Source: AICPA, Audit and Accounting Guide: Not-for-Profit Entities
Source: Nonprofit Finance Fund, State of the Nonprofit Sector
Source: Urban Institute, National Center for Charitable Statistics
- Statement of Functional Expenses
- A financial statement matrix presenting expenses simultaneously by natural classification (rows: salaries, rent, etc.) and functional classification (columns: program, M&G, fundraising). Required for voluntary health and welfare entities and encouraged for other nonprofits under ASC 958-205.
DEFINITION
- Joint cost allocation
- Allocation of costs from activities that combine fundraising with program or management elements, permitted under ASC 958-720-45 only if the purpose, audience, and content criteria are met.
DEFINITION
- Management and general (M&G)
- Expenses for organization-wide oversight, business management, general recordkeeping, budgeting, financial reporting, and governance not directly attributable to a specific program or fundraising activity.
DEFINITION
Q&A
What are the three functional expense categories?
FASB ASC 958 requires nonprofits to report expenses in three functional categories: program services (activities that fulfill the organization's mission), management and general (organizational oversight, financial management, governance), and fundraising (cultivation, solicitation, donor stewardship).
Q&A
What allocation methods are acceptable under GAAP?

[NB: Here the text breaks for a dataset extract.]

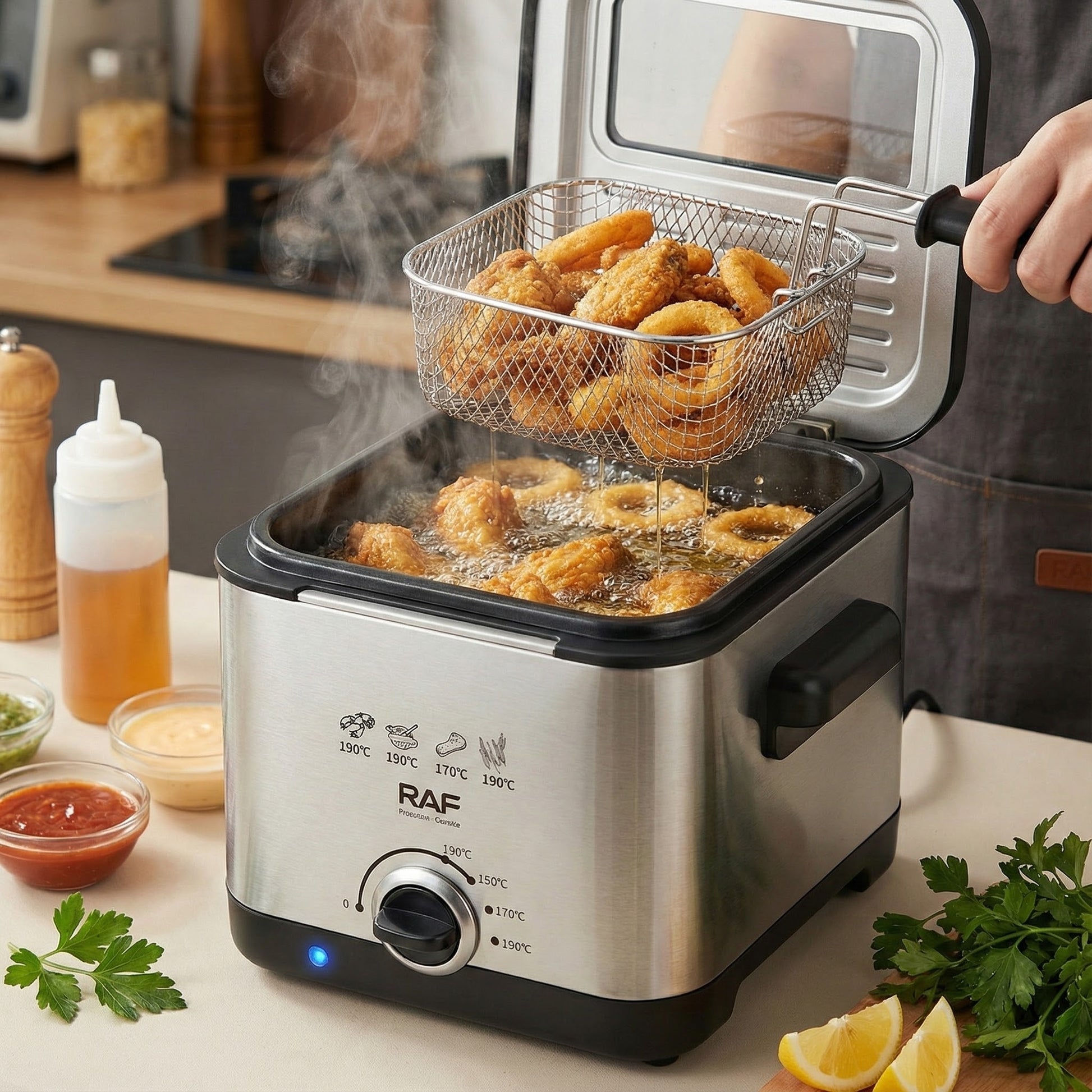A RAF R.5300 olajsütő azok kedvence lesz, akik a ropogós, aranybarna és tökéletesen átsült ételeket éttermi minőségben szeretnék elkészíteni – otthon, gyorsan, biztonságosan és rendetlenség nélkül.

ASC 958-720 accepts any method that reasonably reflects actual resource consumption. The most common methods are time studies for personnel, FTE allocations based on position responsibilities, square footage for occupancy, and direct charging for costs specifically identified with one function.
Q&A
What is the difference between natural and functional classification?
Natural classification describes the type of cost (salaries, rent, supplies, depreciation). Functional classification describes the purpose (program, M&G, fundraising). Nonprofits must present both — typically in the Statement of Functional Expenses matrix — under ASC 958-205.
Q&A
Are joint costs allocable across functions?
Yes, but only if the activity meets the purpose, audience, and content criteria in ASC 958-720-45. If any criterion fails, the entire cost must be classified as fundraising.